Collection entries
====

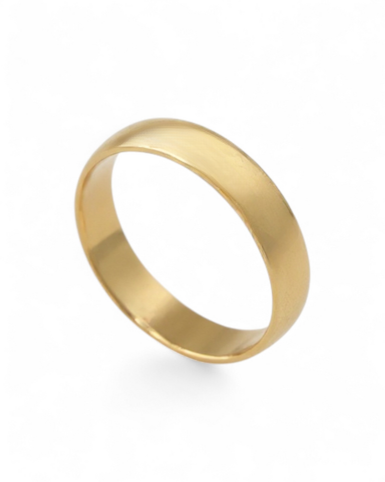 טבעת נישואין רחבה בעיצוב חלק, נקי וקלאסי — ללא טקסטורות וללא ריקועים. הפרופיל החיצוני מעוגל בעדינות לקבלת מראה יוקרתי ונוח ללבישה, והחיתוך המדויק שומר על קווים אחידים ומלוטשים לכל אורך ההיקף. רוחב 4 מ"מ מעניק איזון מושלם בין עדינות לגבריות ומתאים למי שמעדיף טבעת עם נוכחות אלגנטית ושקטה.
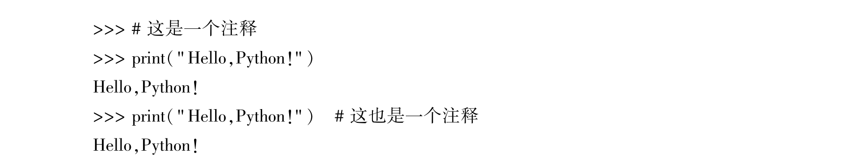 从符号“#”处开始,直到换行处结束,此部分内容都作为注释的内容。Python是一门解释型语言,当Python解释器遇到“#”符号后,会自动跳过这段代码,继续向下执行。
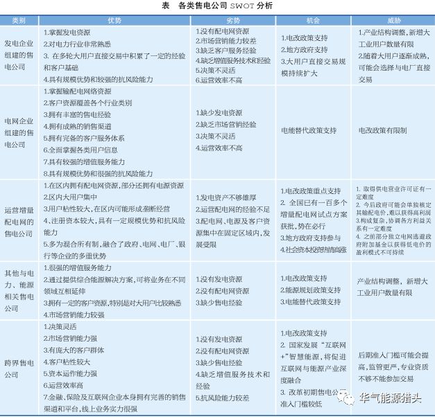 售电主体 SWOT 分析
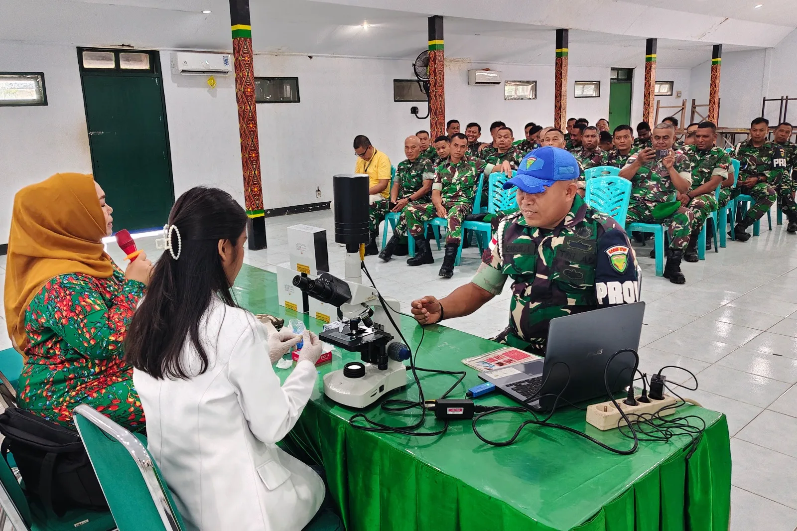 ANGGOTA KODIM 1707/MERAUKE IKUTI SOSIALISASI KESEHATAN DAN CEK DARAH GRATIS
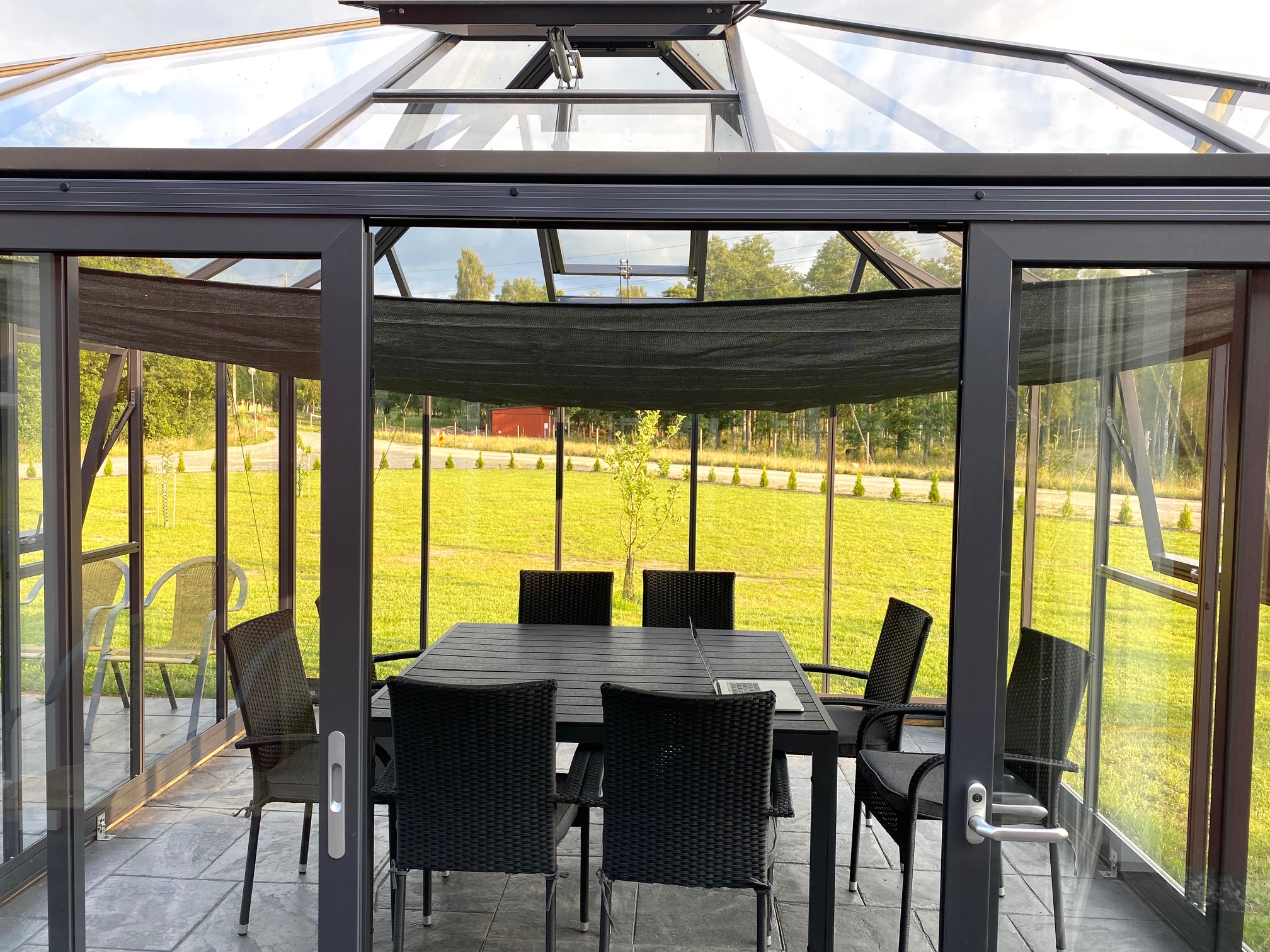 Det förstår jag att ni behöver, blir ju som bastu i ett glashus. Vi har både tyg i taket och jalusigardiner på ett par av sidor.

====

Exercise prompt:
Without the pictures, return the records above exactly as given.

Result below:
 טבעת נישואין רחבה בעיצוב חלק, נקי וקלאסי — ללא טקסטורות וללא ריקועים. הפרופיל החיצוני מעוגל בעדינות לקבלת מראה יוקרתי ונוח ללבישה, והחיתוך המדויק שומר על קווים אחידים ומלוטשים לכל אורך ההיקף. רוחב 4 מ"מ מעניק איזון מושלם בין עדינות לגבריות ומתאים למי שמעדיף טבעת עם נוכחות אלגנטית ושקטה.
 从符号“#”处开始,直到换行处结束,此部分内容都作为注释的内容。Python是一门解释型语言,当Python解释器遇到“#”符号后,会自动跳过这段代码,继续向下执行。
 售电主体 SWOT 分析
 ANGGOTA KODIM 1707/MERAUKE IKUTI SOSIALISASI KESEHATAN DAN CEK DARAH GRATIS
 Det förstår jag att ni behöver, blir ju som bastu i ett glashus. Vi har både tyg i taket och jalusigardiner på ett par av sidor.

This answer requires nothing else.